▶ [Goal of the exercise]:
Output every line below as it stands, dropping only the images.

▶ [Dataset content]:
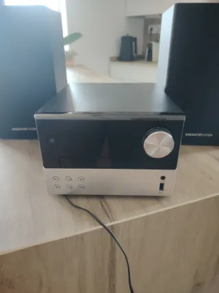 Equipo de sonido con un diseño moderno y elegante. Tiene bluetooth también para reproducir música desde el móvil - Altavoces de color negro. - Unidad central con acabado plateado y negro. - Botón de control circular.
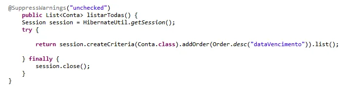 return session.createCriteria(Conta.class).addOrder(Order.desc("dataVencimento")).list();
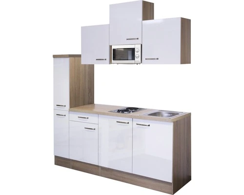 Maar ook de functionaliteit wordt niet verwaarloosd: alles wat in een keuken in principe nodig is, is samengevoegd in een ruimte van 180 cm. Op de tweepitskookplaat met snelkookzones kunnen snel lekkere maaltijden bereid worden en in de 46 cm grote roestvrijstalen gootsteen is ook de afwas geen probleem meer. Bijzonder chic is de apothekerskast met twee lades en in totaal 4 legplanken. Drie 50 cm brede bovenkasten met legplanken en een 50 cm brede onderkast met lade en legplank bieden genoeg opbergruimte voor de kleine huishouding. Ook de 50 cm brede gootsteenkast biedt nog genoeg plek, bijv. voor je poetsspullen. Om de indeling van de keuken voor je te vereenvoudigen zijn de kastdeuren zowel voor links- als rechtszijdige montage geschikt.

▶ [Solution for this task]:
 Equipo de sonido con un diseño moderno y elegante. Tiene bluetooth también para reproducir música desde el móvil - Altavoces de color negro. - Unidad central con acabado plateado y negro. - Botón de control circular.
 return session.createCriteria(Conta.class).addOrder(Order.desc("dataVencimento")).list();
 Maar ook de functionaliteit wordt niet verwaarloosd: alles wat in een keuken in principe nodig is, is samengevoegd in een ruimte van 180 cm. Op de tweepitskookplaat met snelkookzones kunnen snel lekkere maaltijden bereid worden en in de 46 cm grote roestvrijstalen gootsteen is ook de afwas geen probleem meer. Bijzonder chic is de apothekerskast met twee lades en in totaal 4 legplanken. Drie 50 cm brede bovenkasten met legplanken en een 50 cm brede onderkast met lade en legplank bieden genoeg opbergruimte voor de kleine huishouding. Ook de 50 cm brede gootsteenkast biedt nog genoeg plek, bijv. voor je poetsspullen. Om de indeling van de keuken voor je te vereenvoudigen zijn de kastdeuren zowel voor links- als rechtszijdige montage geschikt.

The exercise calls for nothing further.